Work to complete –
Return every line below as is, leaving out the pictures.

Records contained in a dataset –
════════════════════

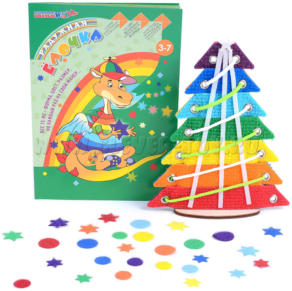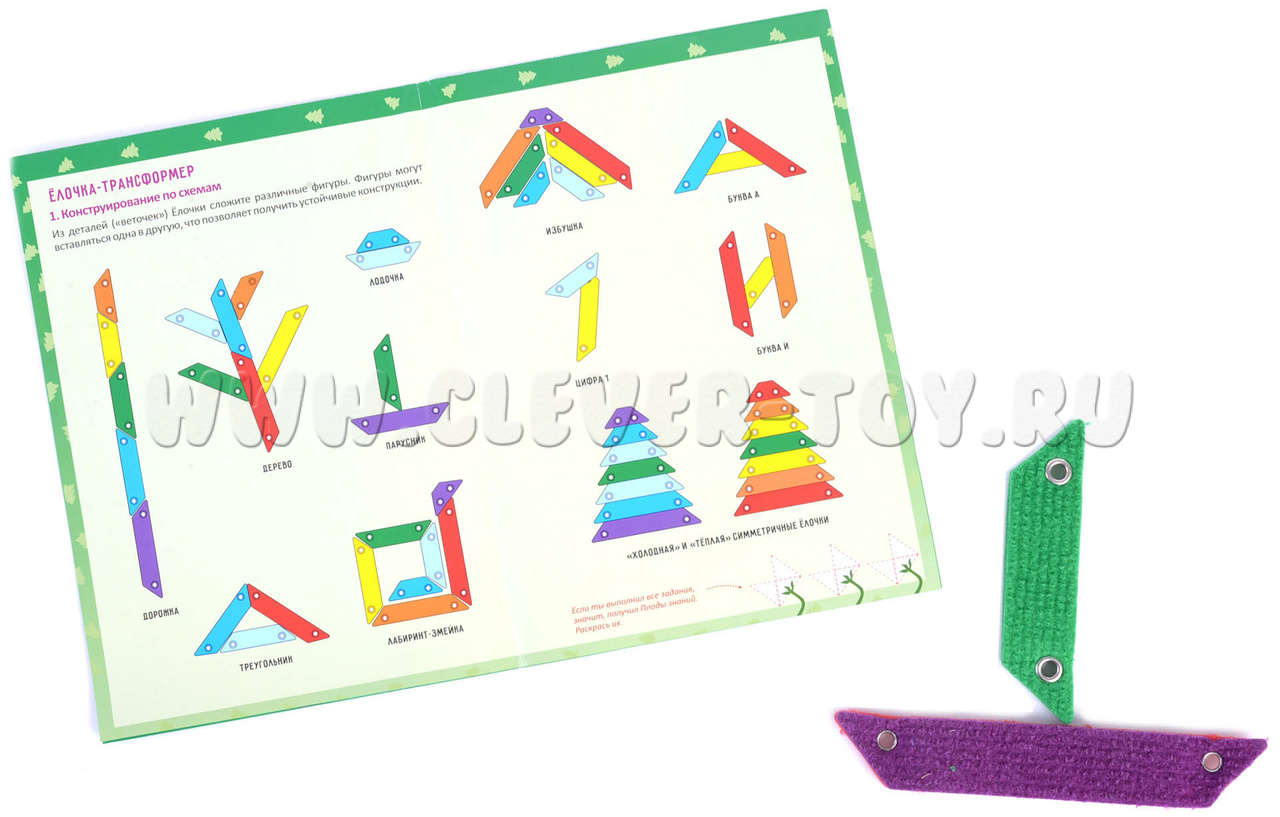- задания и упражнения с вариантами усложнения для детей разного возраста («Собери Ёлочку», «Исправь ошибку», «Укрась Ёлочку», «Развесь гирлянды», «Продолжи ряд», «Найди ошибку»). В инструкции также содержатся цветные схемы для конструирования различных фигур «Дерево», «Лодочка», «Избушка», «Парусник», «Дорожка» и т.д.
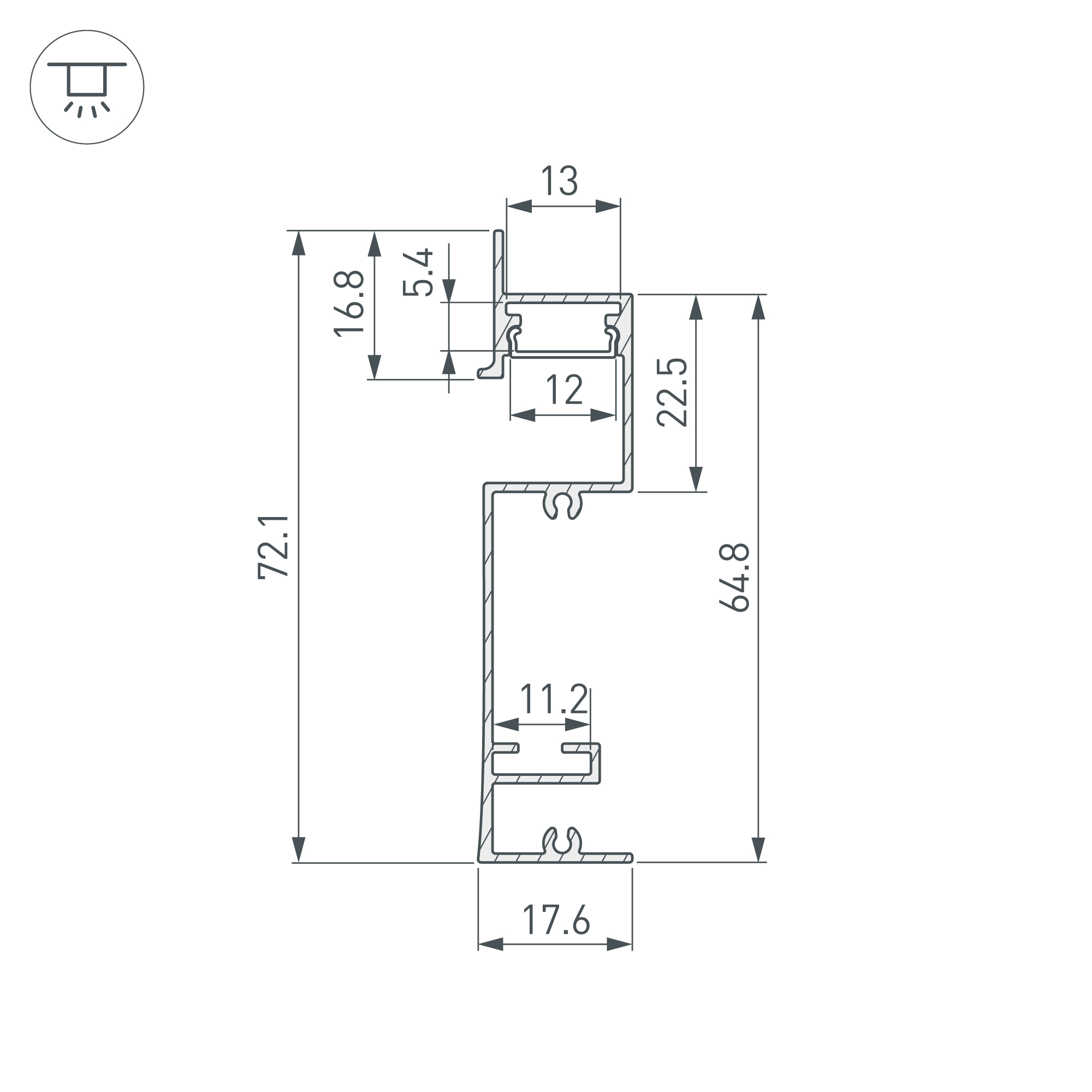 Встраиваемый алюминиевый профиль-плинтус с накладным фланцем черного цвета для создания эффекта парящей стены. Габаритные размеры профиля составляют 2000 мм в длину, 17,6 мм в ширину и 72,1 мм в высоту. Площадка для установки светодиодных лент позволяет использовать ленту шириной до 12 мм и мощностью до 32 Вт/м. Это обеспечивает гибкость в выборе светодиодных лент и создает потрясающие световые решения. Экран, заглушки и другие аксессуары не включены в комплект и приобретаются отдельно. Цена указана за 1 метр профиля. Отличное решение для создания современных световых проектов.
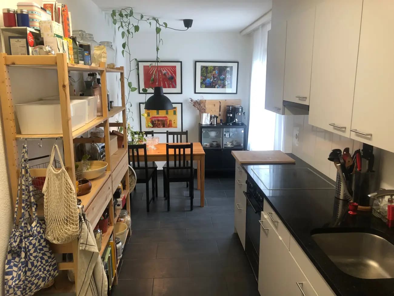 We’ve got a room (13 m²) opening up in our flatshare in Zurich Höngg, right by the Werdinsel. It’s a bright and spacious 4.5-room apartment with a modern kitchen, a big living room, a cozy balcony, and plenty of space to hang out. The flat is on the 2nd floor, and the building also has a shared laundry room, bike storage, and a private basement storage unit.
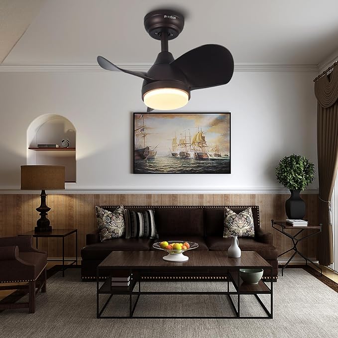 - Modern Design:Ceiling fan with light is designed with black finish metal body and 3 propeller shaped blades, it is well made and looks delicate. This small ceiling fan is space-saving and well-functioned, its modern and sleek look complements any interior which is ideal for home lighting and decor.
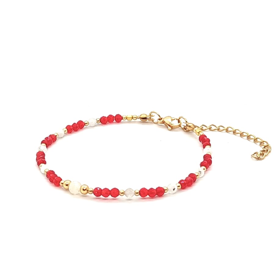 Bransoletka Czerwony Spinel, Kamień księżycowy – kamienie naturalne półszlachetne. Minimalistyczna bransoletka z kamieni naturalnych wykonana ręcznie na lince stalowej jubilerskiej z zapięciem typu karabińczyk, z dodatkową regulacją obwodu bransoletki (łańcuszek o długości 4cm). Minimalny obwód wewnętrzny bransoletki: 16,5cm. Kamienie Cytryn fasetowany o średnicy 4mm, Spinel czerwony fasetowany o średnicy 3mm, Kamień księżycowy fasetowany o średnicy 3mm, hematyt heksagonalny w kolorze złota oraz kulki ze stali chirurgicznej pozłacanej o średnicy 2mm. Elegancka bransoletka z kamieni naturalnych stanowi gustowną i oryginalna ozdobę nadgarstka. Bransoletka wykonana ręcznie w Polsce – Bransoletki Made in Poland.
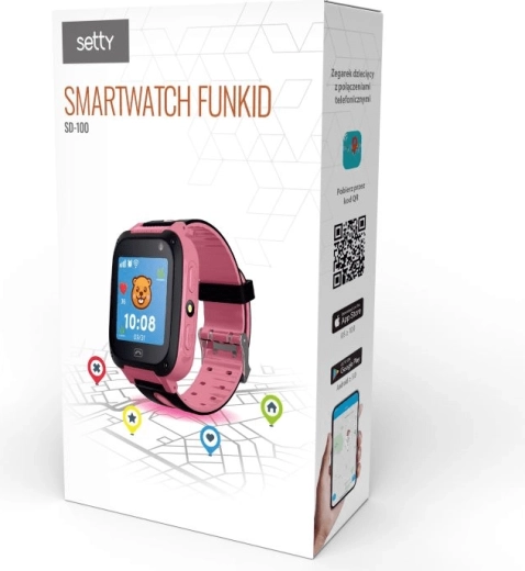 Smarte børneur Setty FunKids SD-100 i lyserød kombinerer sikkerhed, sjov og nem betjening. Med LBS-lokator, lyttefunktion og SOS-knap har du overblik over barnets position og situation. Der er også touchskærm, chat, fjernkamera, lommelygte og et matematisk spil. Batteriet på 400 mAh holder op til 3 dage i standby, og uret er kompatibelt med både Android og iOS.
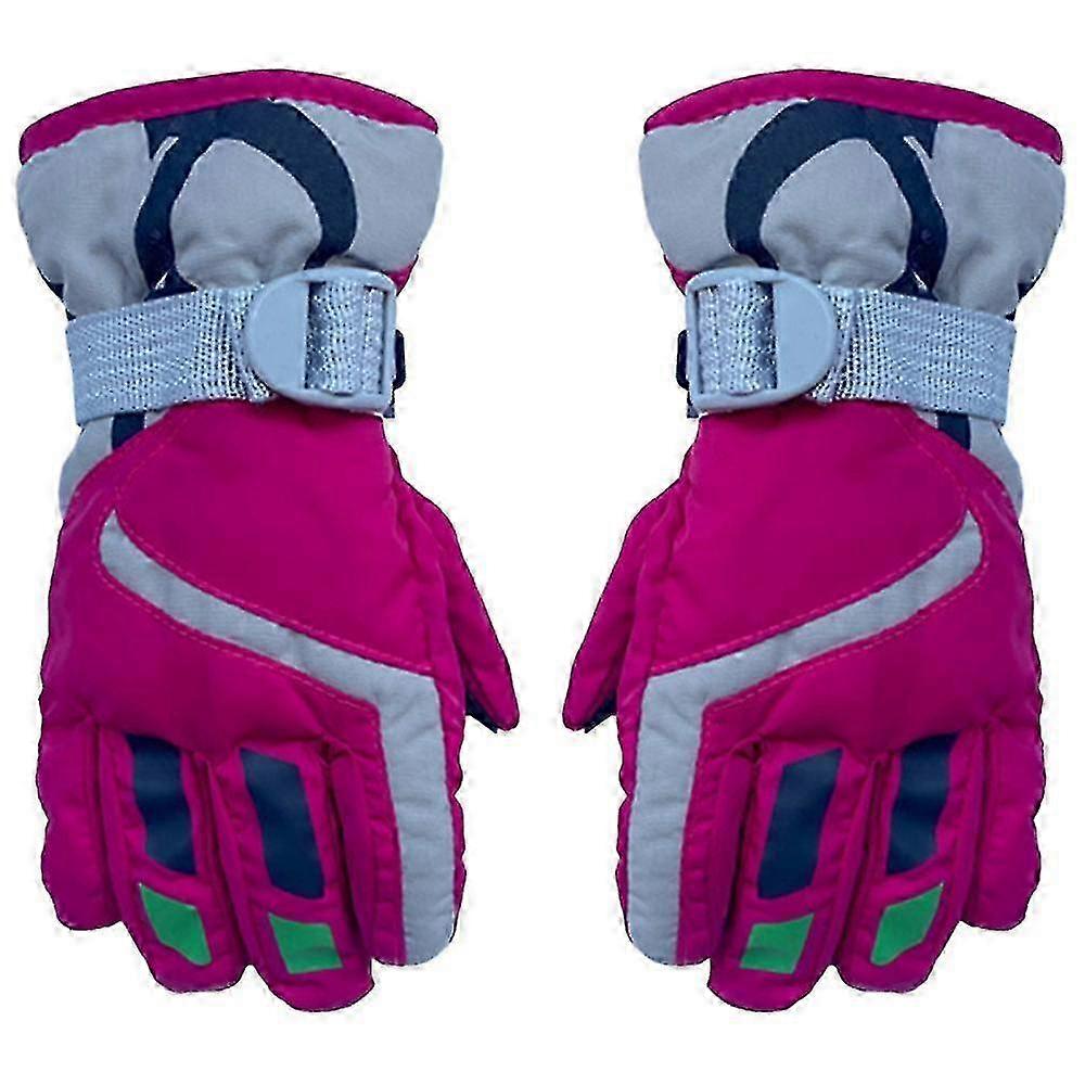 Children's winter ski gloves, waterproof snowboard gloves, boys' and girls' warm snow gloves, Rose red
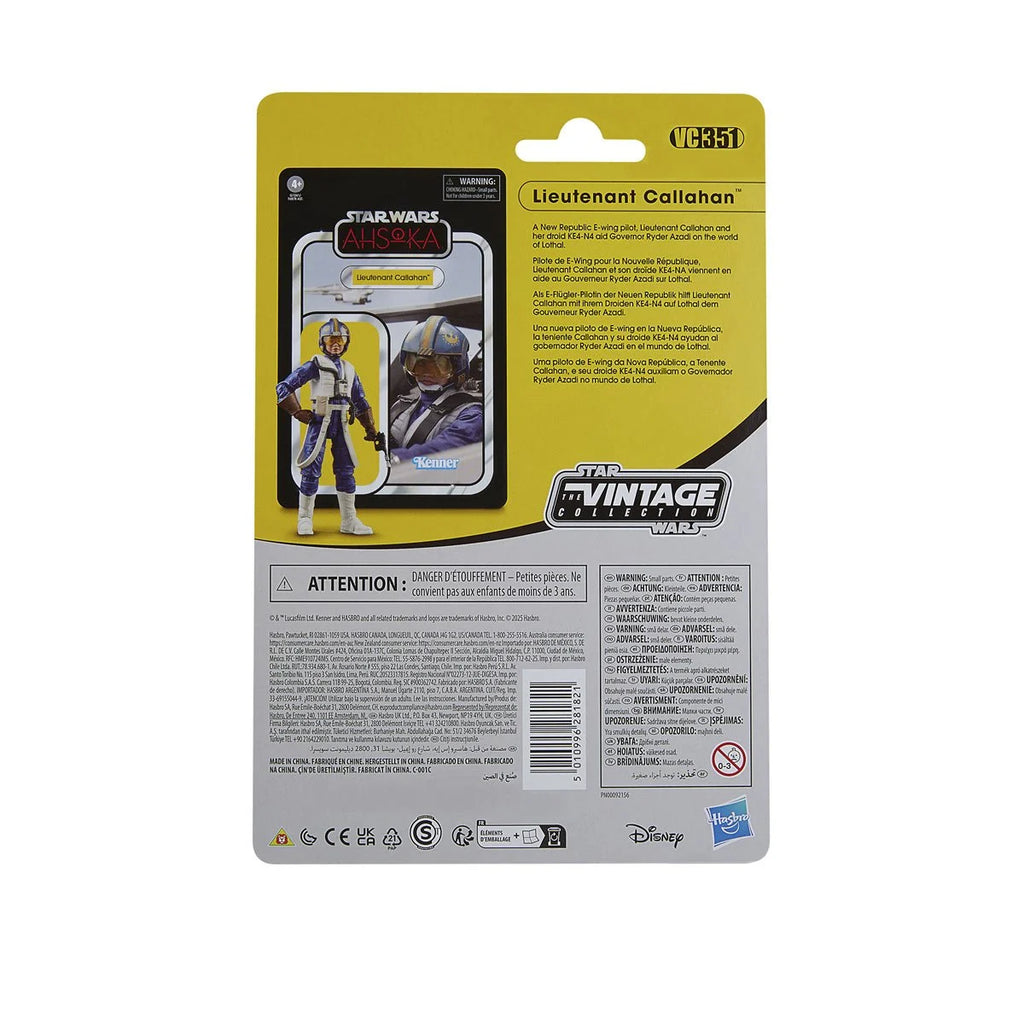 Celebrate the legacy of Star Wars with premium vehicles, playsets and action figures from Star Wars: The Vintage Collection. Based on Lieutenant Callahan from the Disney+ live-action television series Star Wars: Ahsoka, this 3.75-inch scale action figure makes a great addition to any fan collection. Inspired by the original line, these collectibles feature premium detail and design across product and packaging, as well as collector-grade deco that fans have come to know and love. May the Force be with you!

════════════════════

Your response –
- задания и упражнения с вариантами усложнения для детей разного возраста («Собери Ёлочку», «Исправь ошибку», «Укрась Ёлочку», «Развесь гирлянды», «Продолжи ряд», «Найди ошибку»). В инструкции также содержатся цветные схемы для конструирования различных фигур «Дерево», «Лодочка», «Избушка», «Парусник», «Дорожка» и т.д.
 Встраиваемый алюминиевый профиль-плинтус с накладным фланцем черного цвета для создания эффекта парящей стены. Габаритные размеры профиля составляют 2000 мм в длину, 17,6 мм в ширину и 72,1 мм в высоту. Площадка для установки светодиодных лент позволяет использовать ленту шириной до 12 мм и мощностью до 32 Вт/м. Это обеспечивает гибкость в выборе светодиодных лент и создает потрясающие световые решения. Экран, заглушки и другие аксессуары не включены в комплект и приобретаются отдельно. Цена указана за 1 метр профиля. Отличное решение для создания современных световых проектов.
 We’ve got a room (13 m²) opening up in our flatshare in Zurich Höngg, right by the Werdinsel. It’s a bright and spacious 4.5-room apartment with a modern kitchen, a big living room, a cozy balcony, and plenty of space to hang out. The flat is on the 2nd floor, and the building also has a shared laundry room, bike storage, and a private basement storage unit.
 - Modern Design:Ceiling fan with light is designed with black finish metal body and 3 propeller shaped blades, it is well made and looks delicate. This small ceiling fan is space-saving and well-functioned, its modern and sleek look complements any interior which is ideal for home lighting and decor.
 Bransoletka Czerwony Spinel, Kamień księżycowy – kamienie naturalne półszlachetne. Minimalistyczna bransoletka z kamieni naturalnych wykonana ręcznie na lince stalowej jubilerskiej z zapięciem typu karabińczyk, z dodatkową regulacją obwodu bransoletki (łańcuszek o długości 4cm). Minimalny obwód wewnętrzny bransoletki: 16,5cm. Kamienie Cytryn fasetowany o średnicy 4mm, Spinel czerwony fasetowany o średnicy 3mm, Kamień księżycowy fasetowany o średnicy 3mm, hematyt heksagonalny w kolorze złota oraz kulki ze stali chirurgicznej pozłacanej o średnicy 2mm. Elegancka bransoletka z kamieni naturalnych stanowi gustowną i oryginalna ozdobę nadgarstka. Bransoletka wykonana ręcznie w Polsce – Bransoletki Made in Poland.
 Smarte børneur Setty FunKids SD-100 i lyserød kombinerer sikkerhed, sjov og nem betjening. Med LBS-lokator, lyttefunktion og SOS-knap har du overblik over barnets position og situation. Der er også touchskærm, chat, fjernkamera, lommelygte og et matematisk spil. Batteriet på 400 mAh holder op til 3 dage i standby, og uret er kompatibelt med både Android og iOS.
 Children's winter ski gloves, waterproof snowboard gloves, boys' and girls' warm snow gloves, Rose red
 Celebrate the legacy of Star Wars with premium vehicles, playsets and action figures from Star Wars: The Vintage Collection. Based on Lieutenant Callahan from the Disney+ live-action television series Star Wars: Ahsoka, this 3.75-inch scale action figure makes a great addition to any fan collection. Inspired by the original line, these collectibles feature premium detail and design across product and packaging, as well as collector-grade deco that fans have come to know and love. May the Force be with you!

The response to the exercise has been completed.